In data engineering, there are two fundamentally different ways to learn.

An employee lives inside one environment, one architecture, one business context. They see how a system evolves, how it’s adjusted over time, how the company fights with it, and eventually how the organization adapts to it. They see the long-term consequences of design choices, shortcuts, and accumulated technical debt. This perspective is valuable and a consultant never gets it.

A consultant lives in the opposite world. Every project is a new ecosystem. New architecture, new data definitions, new “truths,” new governance levels, new pipelines, new chaos. Over 6 years I worked with 26 clients, and none of them worked the same way. Documentation was often missing, logic lived only in production, CI/CD was assembled differently in every place, and time estimates almost never matched reality. Adaptation isn’t optional. It’s the entry requirement. After enough projects you start noticing the same patterns repeating across industries and tech stacks. Tools change. Company names change. The core problems do not. Pattern recognition becomes faster than most teams can even define their issue.
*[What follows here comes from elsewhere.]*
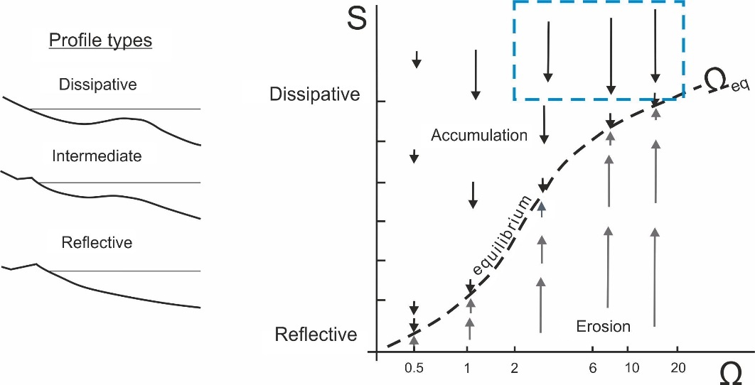 Fig. 2. Conceptual diagram illustrating the relationship between the type of coastal accumulative profile (indicative parameter S), the amount of wave energy (the Dean parameter Ω) and the relative intensity of accumulation and erosion (proportional to the arrow lengths). Blue dashed contour highlights the conditions of intense accumulation at higher wave energy on the dissipative profile (adapted from [12, р. 114])

  • An employee experiences the evolution of one system.
  • A consultant experiences the variability of many systems.
  • An employee sees consequences.
  • A consultant sees the recurring causes.
  • An employee has continuity.
  • A consultant has accelerated learning.

It’s not about which path is better. Each one develops different strengths.
Consultants grow fast because constant change forces it.
Employees grow deep because they witness the entire lifecycle of a solution.

Two realities. Two types of engineers. Two types of expertise. The choice is yours.